Why Safety Profiles Failed

Original Article ↗ Hacker News Discussion ↗

Safe C++ vs Safety Profiles

  • Many commenters agree the article shows why “safety profiles” (restrictive subsets with static checks) can’t deliver robust memory safety on existing C++ semantics.
  • Core criticism: you can’t infer enough about aliasing and lifetimes from function declarations alone, and profiles avoid adding the new assumptions/annotations needed.
  • Safe C++ (as implemented in the Circle compiler) is seen as a more coherent approach: extend the language with explicit ownership/lifetime semantics and then define a checked safe subset.

Rust vs “Safer C++” Strategies

  • Some argue that Rust already solves the problem with lower overhead: a clean, memory-safe low-level language that continues to improve.
  • Pushback: rewriting large C++ codebases in Rust is often economically infeasible; many systems (browsers, game engines, compilers, VMs) will stay C++ for decades.
  • A recurring theme: it’s pragmatic to make new C++ code safer (via Safe C++ or similar) while gradually reducing vulnerabilities in old code, rather than betting everything on full Rust rewrites.
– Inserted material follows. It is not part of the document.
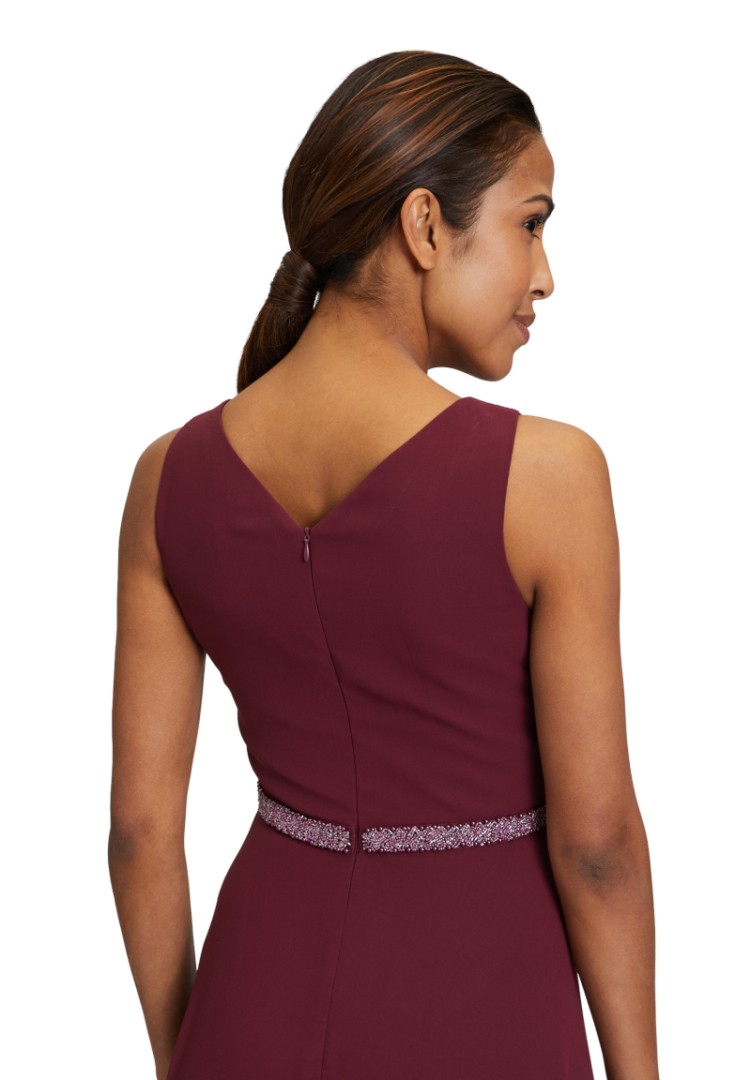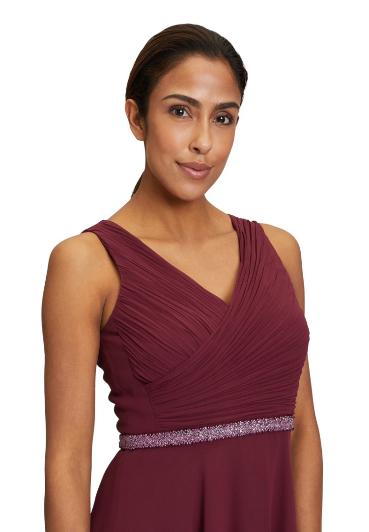 Bei diesem festlichen Kleid wurde das Oberteil mit V-Ausschnitt in Falten gelegt. Auch das mit edlem Schmuck versehene Taillenband sowie der leicht ausgestellte Rockteil machen das Modell in deep wine zum echten Hingucker

Annotations, Lifetimes, and Aliasing

  • Debate over lifetime annotations: some find them conceptually heavy and fear unreadable signatures; others say the complexity exists anyway and annotations expose it usefully.
  • Rust is cited as proof that function-local analysis plus explicit lifetimes can scale without whole-program reasoning.
  • Profiles’ reliance on local-only analysis is criticized as inherently limited for aliasing, dangling pointers, and cross-TU behavior.

Static Analysis and Runtime Schemes

  • Some suggest whole-program or heavier static analysis (Frama-C, etc.), but others note undecidability and scalability limits.
  • Proposals to enforce safety via fat pointers, reference counting, or guard pages are discussed; commenters highlight overhead, multithreading complexity, and incomplete coverage.

C++ Culture, Performance, and Committees

  • Strong sentiment that C++ culture historically prioritizes performance and backward compatibility over safety, which shapes committee outcomes.
  • Skepticism that the standards process can successfully standardize a truly safe subset; past failures (concepts, contracts, restrict, GC, modules friction) are cited.

Library and Iterator Design

  • Several lament that C++ iterators and algorithms have unsafe aliasing preconditions; contrast is drawn with ranges-as-arrays designs (e.g., length-based) and safer iterators in other libraries or languages.